Congress must still decide whether she broke Brazil's budget law, an impeachable offence.

Following are the steps of a presidential impeachment under Brazil's Constitution:

1) Any citizen can file an impeachment request to Congress. More than 20 have already been filed to impeach Rousseff. Most have been shelved as groundless, but seven are under study by the speaker of the lower house, Eduardo Cunha, a declared enemy of the president.

2) Cunha has the power to decide whether to accept one of the requests. A special committee made up of members of all parties analyses the request, which needs two-thirds support, or 342 of the votes in the lower house, for an impeachment trial to begin in the Senate. Cunha's own position has been shaken by corruption charges against him and he is under pressure to explain undeclared Swiss bank accounts that prosecutors have found in his name. Rousseff appears to have enough votes at present to block an impeachment vote.

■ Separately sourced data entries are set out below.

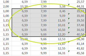 Data blocks with up to 8 columns can be copied from tables such as Excel and pasted into the editor. In the example below, a 4-column data block is inserted.
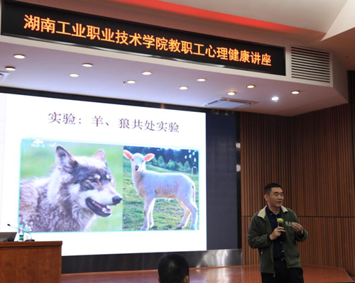 本网讯 近日,学校“心理压力及其应对技巧”教职工心理健康讲座在图书馆报告厅举行,由中南大学唐海波教授担任主讲。学校党委副书记成涛、副校长侯新华,学校270余名教职工认真聆听并积极参与互动。讲座由组织人事部(教师工作部)部长杨文斌主持。
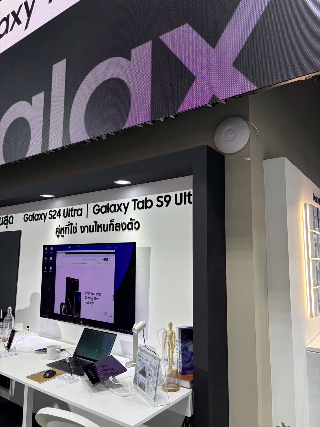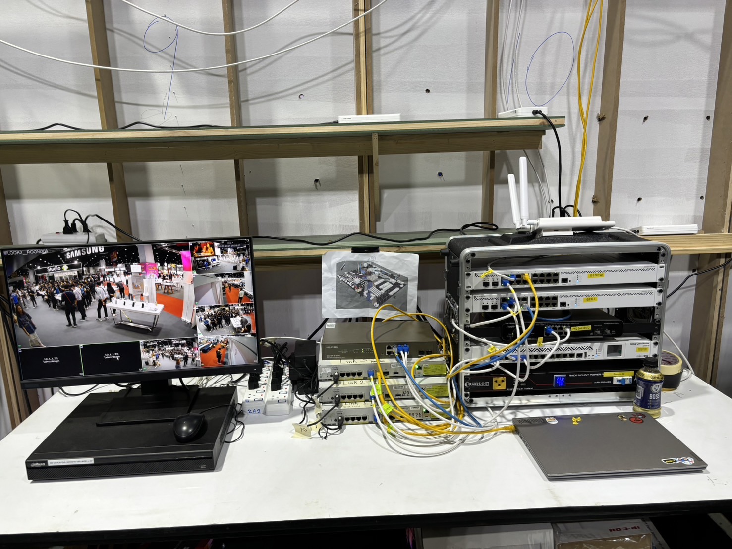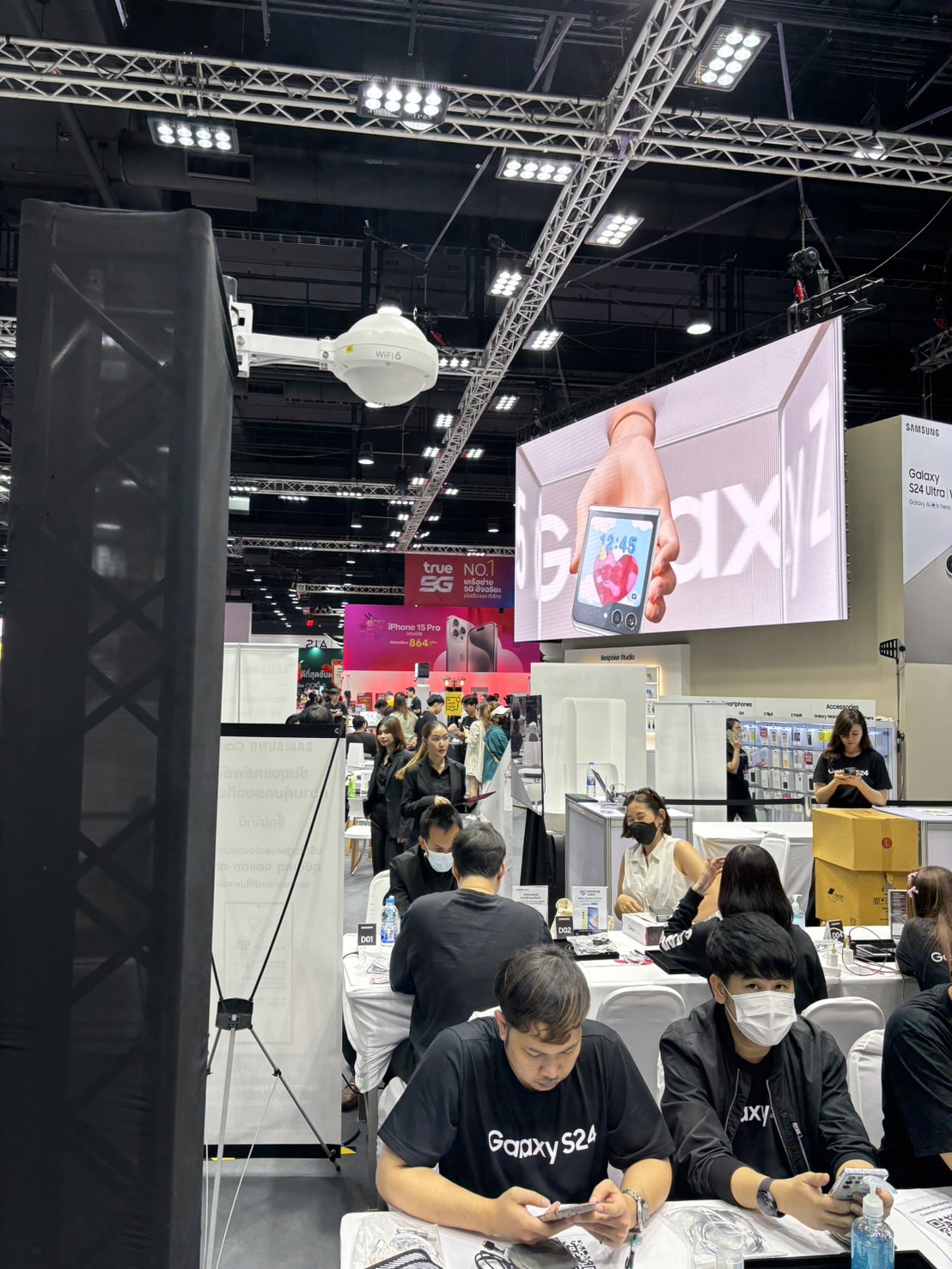 กระจายสัญญาณ WiFi ครอบคลุมทั้งบูธ โดยงานี้ใช้อุปกรณ์ถึง 2 ค่ายด้วยกัน แบ่งกันไปเลยคนละครึ่งบูธ ผลคือ สบายๆ เอาอยู่

3) If she lost the lower house vote, the president would be suspended pending the trial in the Senate, and her vice president Michel Temer would become acting president. The Senate would have 180 days to conduct a trial, chaired by the president of the Supreme Court.

4) In the Senate, two-thirds support, or 54 of the 81 senators, is needed to impeach the president.

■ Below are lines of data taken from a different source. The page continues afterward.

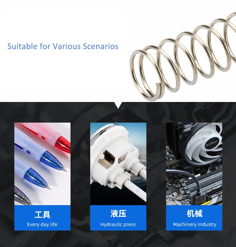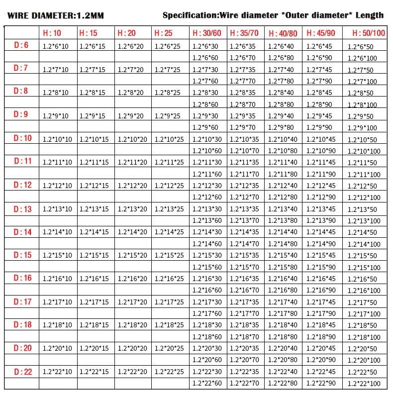 Пружина сжатия изготовлена из высококачественной пружинной стали, Анти-усталость, жесткий; Высокая прочность и долговечность. Различные размеры.
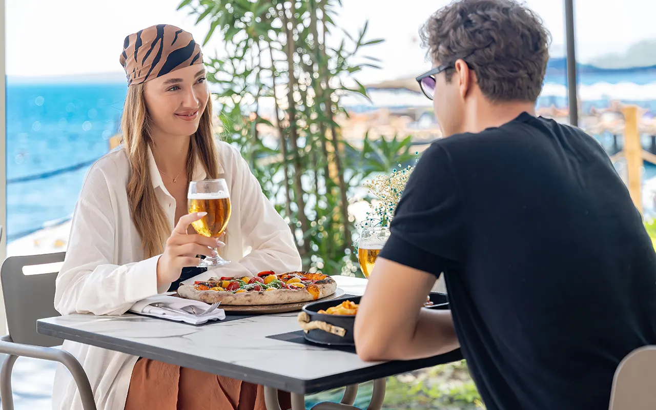 It is at your service throughout the day to crown your beach and pool enjoyment with delicious flavors. Add energy to your day with refreshing alcoholic and non-alcoholic beverages, along with carefully prepared sandwiches, toasts, burgers, and light snacks. Take a refreshing break with the help of our friendly staff and enjoy your holiday to the fullest.
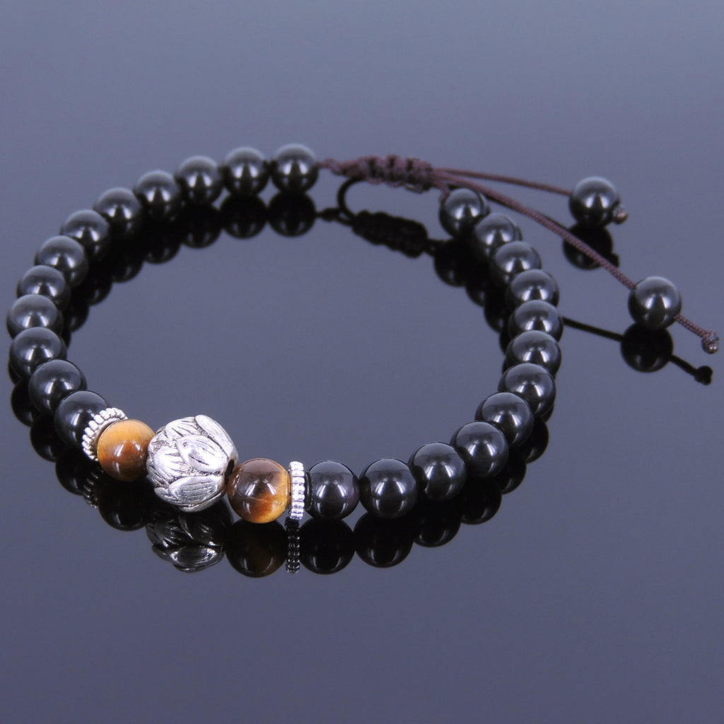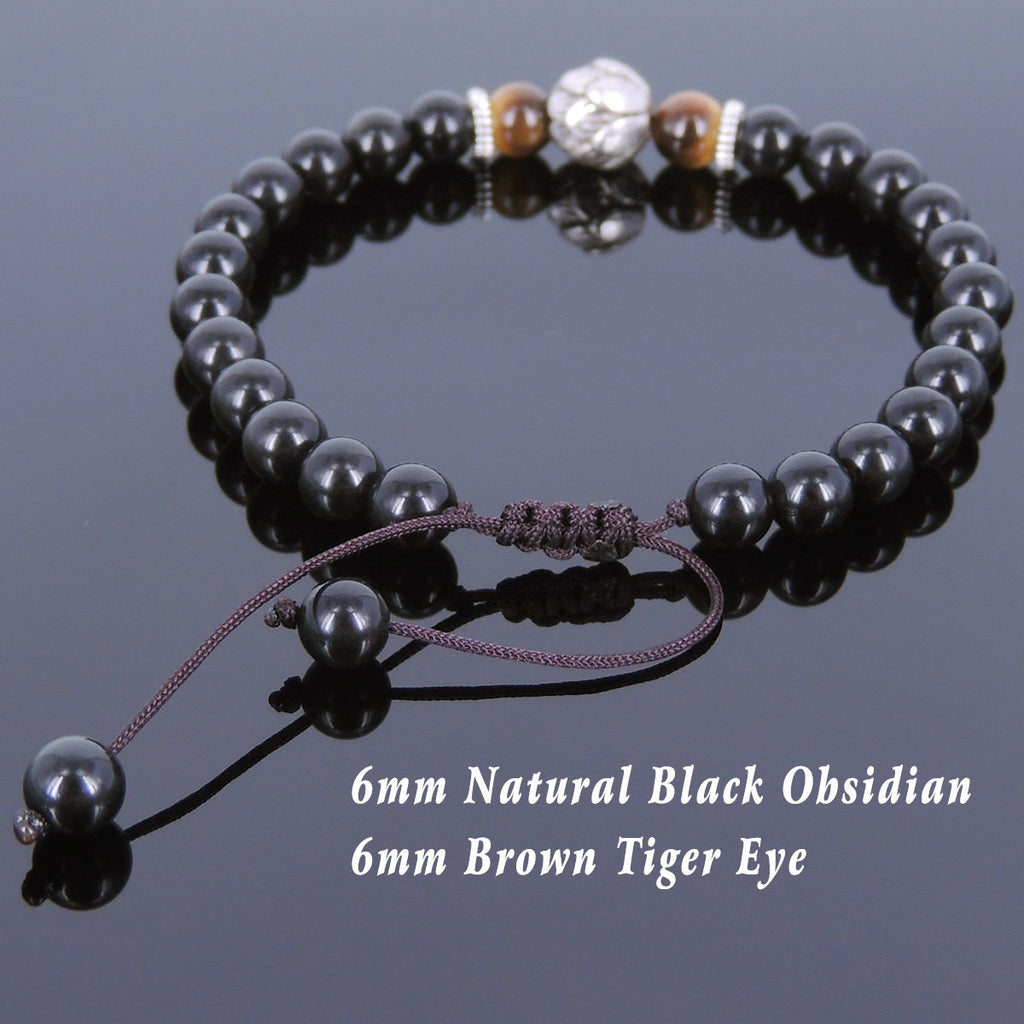 Materials: Gemstone,Black Obsidian,Brown Tiger Eye,Tibetan Silver,Chinese Strong Braided Cords

5) If Rousseff is impeached, Temer would serve as president for the remainder of the term. Temer, however, could also be ousted if an investigation currently underway by Brazil's top electoral authority finds that the Rousseff-Temer election campaign broke the law, including the use of kickback money from the Petrobras graft scandal. If Temer were also ousted, Cunha would take over temporarily and either a new election would be called within 90 days or Congress would pick the next president, depending on how much of Rousseff's term is left.